═══ Data in this exercise
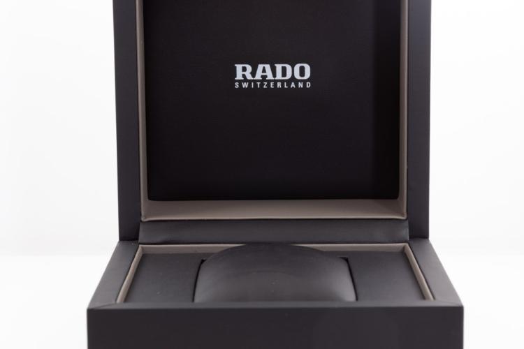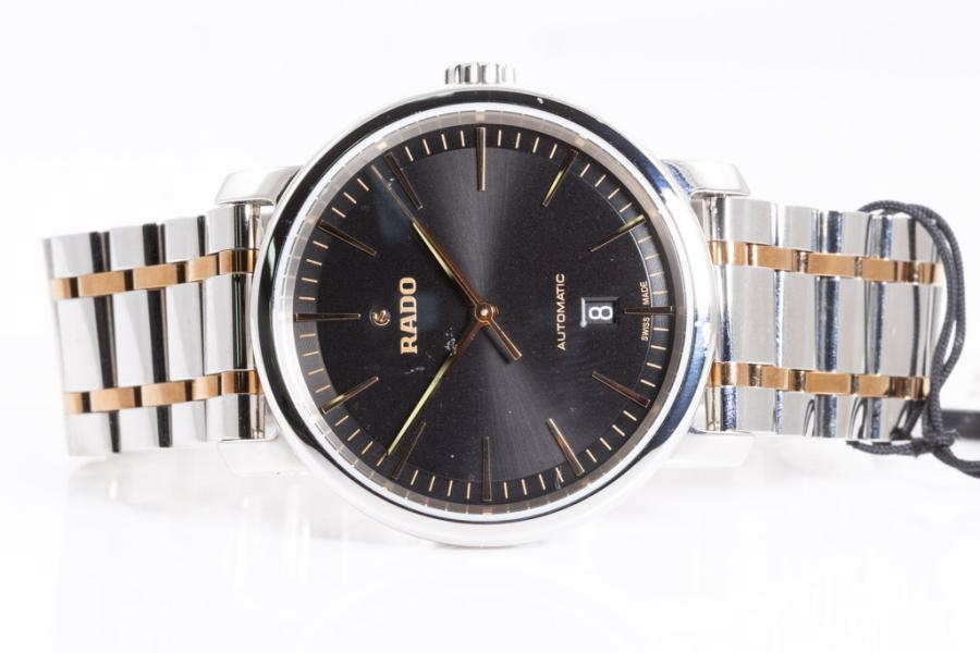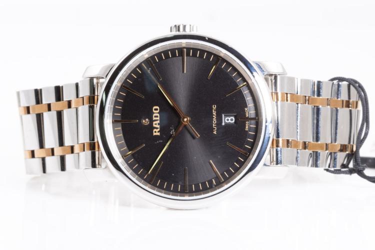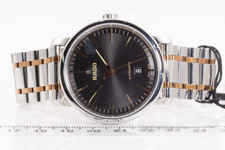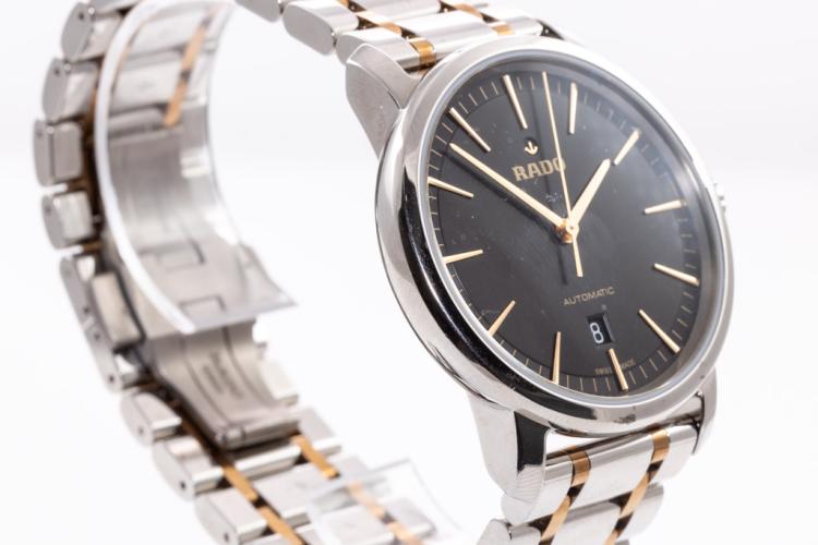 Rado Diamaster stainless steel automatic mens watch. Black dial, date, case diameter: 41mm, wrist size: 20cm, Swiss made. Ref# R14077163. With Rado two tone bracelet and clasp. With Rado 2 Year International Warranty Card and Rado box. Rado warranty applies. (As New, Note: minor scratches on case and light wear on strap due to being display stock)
══════
═══ Data in this exercise
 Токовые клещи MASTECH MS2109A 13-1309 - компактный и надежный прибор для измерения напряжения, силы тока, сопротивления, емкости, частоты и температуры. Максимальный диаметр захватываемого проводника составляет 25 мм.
══════
═══ Data in this exercise
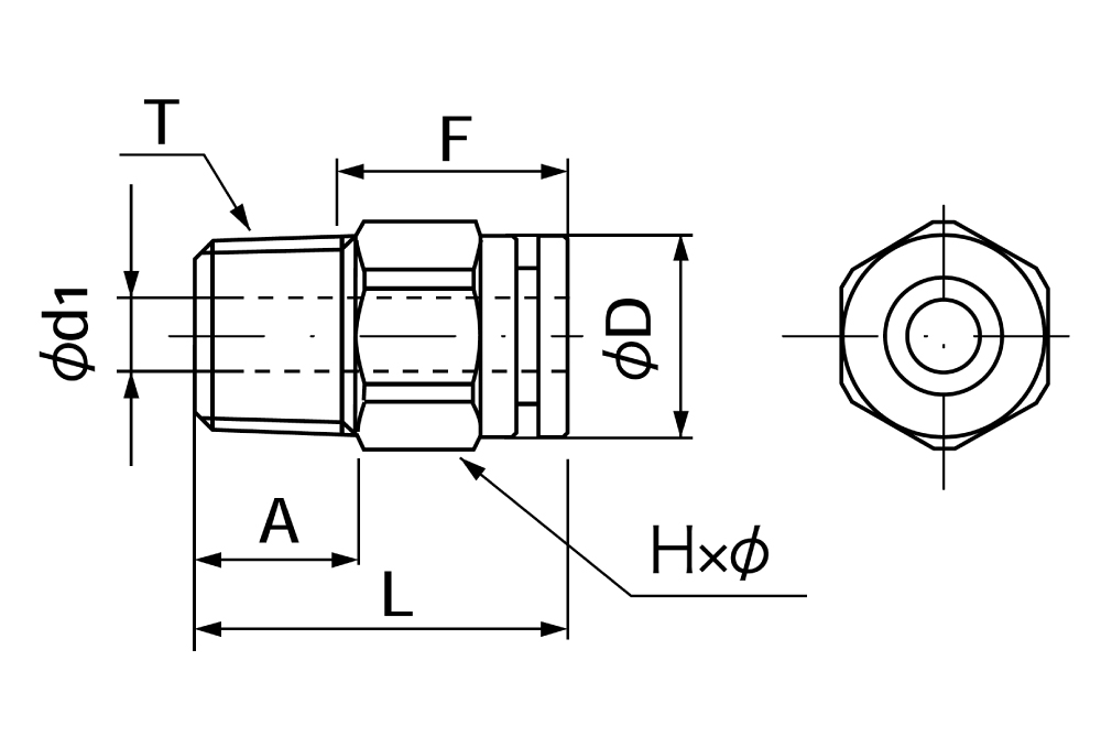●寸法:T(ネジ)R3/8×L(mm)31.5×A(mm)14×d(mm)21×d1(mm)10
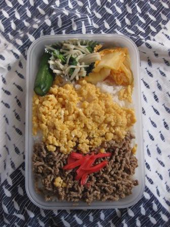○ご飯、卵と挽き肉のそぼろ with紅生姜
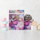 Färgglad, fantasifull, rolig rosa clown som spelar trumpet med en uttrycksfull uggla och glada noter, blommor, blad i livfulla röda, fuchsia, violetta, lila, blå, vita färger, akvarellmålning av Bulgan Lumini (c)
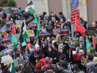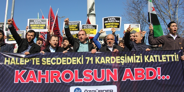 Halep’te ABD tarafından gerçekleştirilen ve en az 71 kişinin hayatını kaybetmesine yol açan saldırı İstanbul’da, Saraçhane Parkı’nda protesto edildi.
══════
- **Required action**
Using the entries above, transcribe exactly from the line that has "Färgglad, fantasifull, rolig" through the line that has "Halep’te ABD tarafından". Pictures are dropped.

- **Task answer**
 Färgglad, fantasifull, rolig rosa clown som spelar trumpet med en uttrycksfull uggla och glada noter, blommor, blad i livfulla röda, fuchsia, violetta, lila, blå, vita färger, akvarellmålning av Bulgan Lumini (c)
 Halep’te ABD tarafından gerçekleştirilen ve en az 71 kişinin hayatını kaybetmesine yol açan saldırı İstanbul’da, Saraçhane Parkı’nda protesto edildi.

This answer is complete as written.